HomeLetters‘Inclusivity’ Needs to Be Reasonable

‘Inclusivity’ Needs to Be Reasonable

The recent one-sided discussions about the City Council and La Cañada Flintridge generally resisting “inclusion” are replete with hyperbole, generalities and platitudes and very short on reasonable analysis.
For example, to suggest that the manner in which the Sheriff’s Department responded to an incident in which “no crime was committed” somehow reflects poorly on LCF is ridiculous. A one-off complaint against the Sheriff’s Department does not demonstrate or establish any sort of policy or practice in LCF itself; the city did not dictate to the sheriff how that particular incident was to be investigated or resolved.
Similar broad-brush attacks against the city for “race-based rejection of new neighbors,” “a history of … racial policies,” and “our … unyielding doctrine of exclusion” are almost laughable, given their lack of real-time specifics.

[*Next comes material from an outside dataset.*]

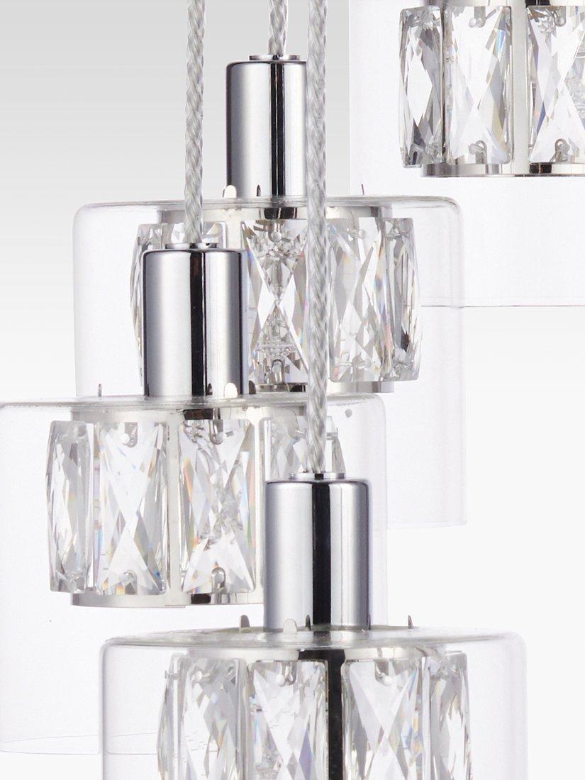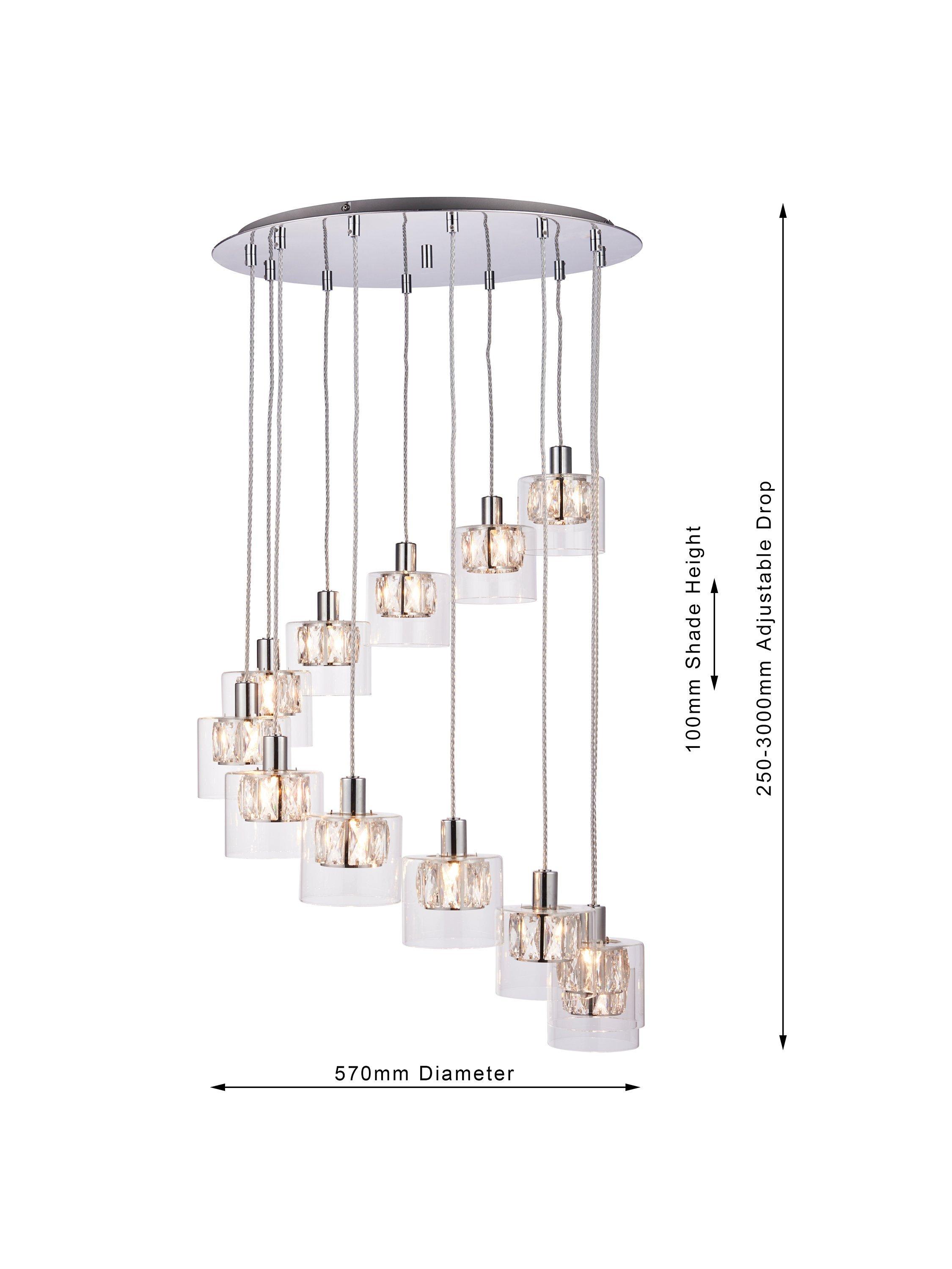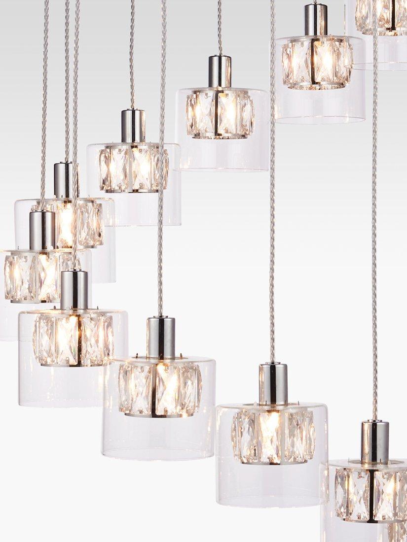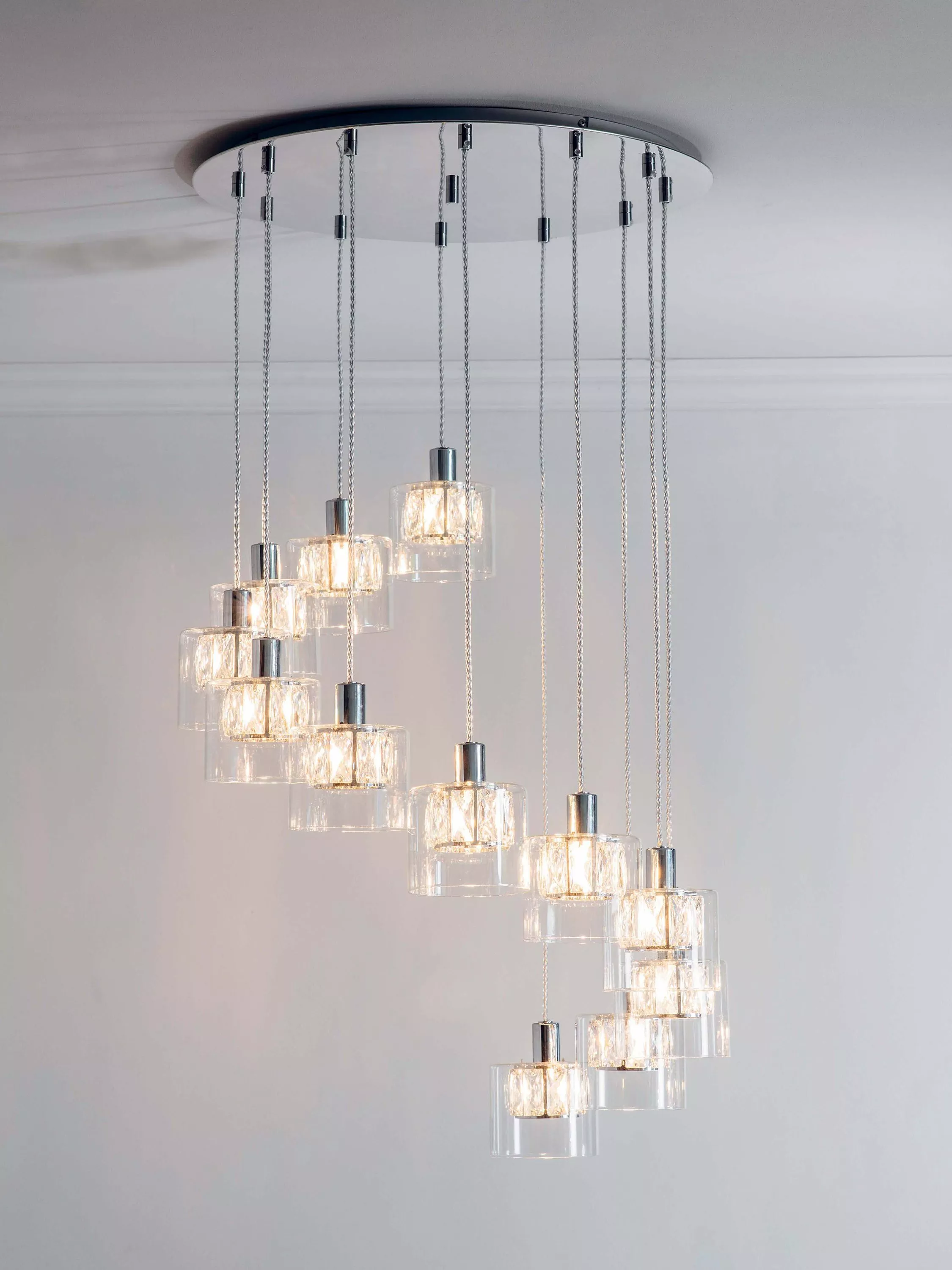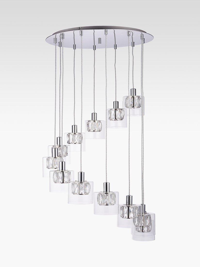 12 dazzling pendants are suspended in a curved formation on this decorative ceiling light. Each pendant is made from a small crystal shade encased within a larger glass shade that diffuses the light and enhances a warm glow. They're also suspended from height-adjustable cables made from clear plastic.

Most of these attacks appear to be based on old, restrictive real estate covenants — that have not been enforced in the U.S. since 1948.
Not a single incident of race-based “exclusion” in a real estate transaction is referred to in this recent barrage of virtue-signaling. Similarly, not a single “racial policy” adopted by the City Council is referred to in any of the recent tirades leveled against the city. What, exactly, is LCF’s “unyielding doctrine of exclusion” and who is being excluded? LCF is hardly a homogenous community of “white folk” these days; judging from the school population, the community becomes more “diverse” every year.
Two final thoughts: (1) I am not “embarrassed” to live in LC rather than in France. France bans students from wearing abayas and hijabs in its schools — how “inclusive” is that? (2) I am not “embarrassed” by the fact that LCF was badmouthed in commentary from The L.A. Times. The L.A. Times itself has become a journalistic embarrassment, so I am not concerned about anything that publication may write about LCF. The City Council certainly should not be making policy decisions with an eye on how the Times might react.

Glen Mertens
La Cañada Flintridge

First published in the September 28 print issue of the Outlook Valley Sun.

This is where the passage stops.